Father’s Rights in California
In the state of California, the law protects a father’s rights. Legally, parents have the right to seek child custody as well as visitation. As a father, you have as much right as a mother to apply for child support if you take full custody of your shared child or children. If you do not have full custody, your rights as a father allow you to ask for shared custody or increased visitation.
Don’t let divorce stand in the way of your relationship with your kids. Understand your father’s rights in California.When you do, you can work with your divorce lawyer to come to a harmonious conclusion regarding your custody battle.
“Best Interests” of the Child
In most states, including California, the law seeks a resolution that serves the “bests interests” of the child or children. “Best interests” means that the child’s well-being being must be put first when going into negotiations. The law seeks to protect the children. It aims to foster their happiness, health, security, and development as they grow.
Throughout divorce proceedings, things can get messy. Set the issues between you and your ex-partner aside and go through custody negotiations with the child’s happiness in mind. Typically speaking, it is in the child’s best interest to have a loving, close relationship with both of his or her parents. While divorce makes this more difficult, it is not impossible.
The Importance of a Father
A child needs a father figure in their life. The research behind the report “Fathers and Their Impact on Children’s Well-Being” states:
Even from birth, children who have an involved father are more likely to be emotionally secure, be confident to explore their surroundings, and, as they grow older, have better social connections with peers. These children also are less likely to get in trouble at home, school, or in the neighborhood.
Dads obviously play a significant role in a child’s life. They develop language and social skills better. Additionally, kids with both parents involved tend to do better in school, have better cognitive capabilities, and can handle stress better. Traditionally the mother takes the role as the most prominent figure in a kid’s life. Today we know both parents need to be supportive and affectionate for the well-being of the child.
Paternity in California
Typically, a child’s parents establish paternity going into a custody case. However, in some instances, California assumes the identity of the father. For instance, if the child is born into a marriage and the mother’s husband is considered the child’s father. Also, if the father has demonstrated an ongoing and caring relationship with the child, despite not being the biological father.

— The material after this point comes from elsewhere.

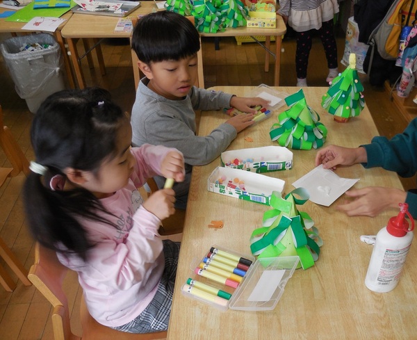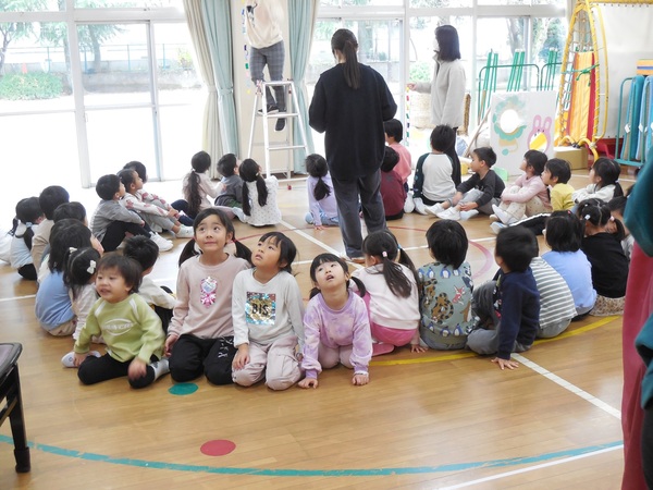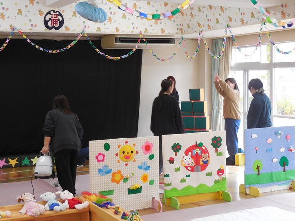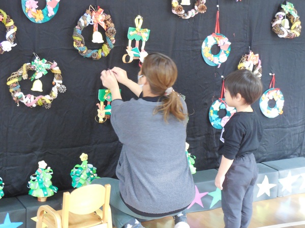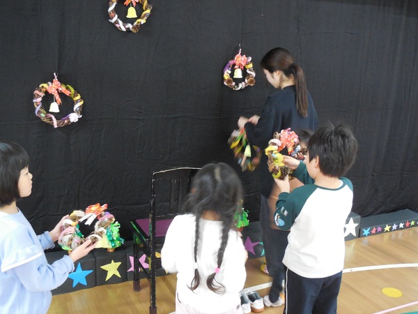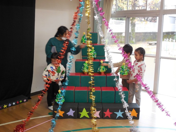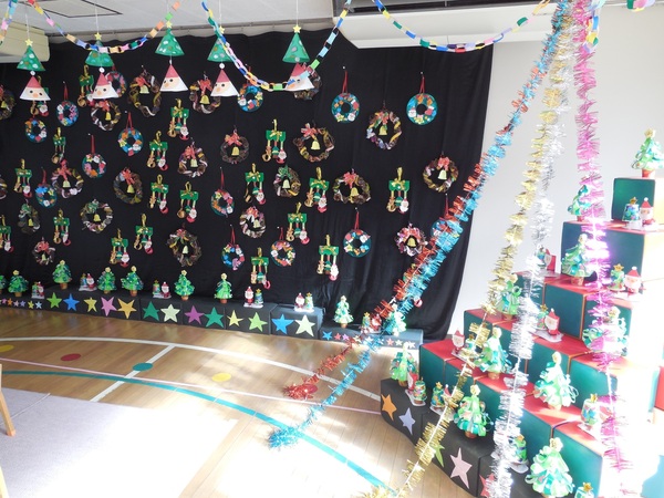 クリスマス飾りつけ 今日はクリスマス飾りつけの日。午前中は、子どもたちが作った長〜い輪っかの飾りつけ。クリスマスソングが流れる中、ニコニコ楽しそうに見守る子どもたち。午後からは、先生方も笑顔で会場準備。最後に子どもたちの自慢の作品を飾ってクリスマスを迎える準備は完了。保護者の皆さん、お迎えの時、すてきな子どもたちの作品をゆっくり見学してくださいね。 2025/12/16

If paternity is not established, there are two ways to do so:
- Sign a “voluntary declaration of paternity” or VDP
- Ask the courts for a paternity order
Paternity Orders and Paternity Action Cases
In the state of California, there are several people who may request such an order. This includes the child’s mother and any male who believes he is the father or possible father. Additionally, local child support agencies or adoption agencies may ask for them. However, that is not as relevant in the case of divorce.
In a paternity action case, the law considers children over the age of 12 as a party in the case. Often, the court grants each child a representative, or “guardian at litem.” This person appears in court in to represent the child’s best interests.
A judge has the authority to ask for genetic testing to determine paternity. The court also has the right to order child support, health insurance, visitation, custody, and payment of all court costs, testing, and legal fees.
Child Custody and Visitation
In California, both mother and father have the right to seek custody and visitation. The courts aim to treat both parents equally and grant involvement from both parents. However, if there is some threat to the child’s well-being, the judge has the right to deny custody or visitation from either parent.
In the past, mothers typically received full custody of the children. Today, more and more fathers take on the role of custodial parent while mothers receive visitation. When deciding who is the custodial parent, a judge will look at:
- Each parent’s ability to provide for the child
- The care the child receives when with each parent
- The overall relationship the child has with each parent.
If a judge names the father primary custodian of the child, he may order the non-custodian parent to pay child support. The custodial parent has the child for the majority of the time, and they need extra resources to help cover the financial responsibilities. Child support goes towards:
- Living costs
- Educational costs
- Medical costs
A father that is the custodial parent has as much right to ask for child support as a mother. If the mother does not pay, father’s rights say they can seek legal action.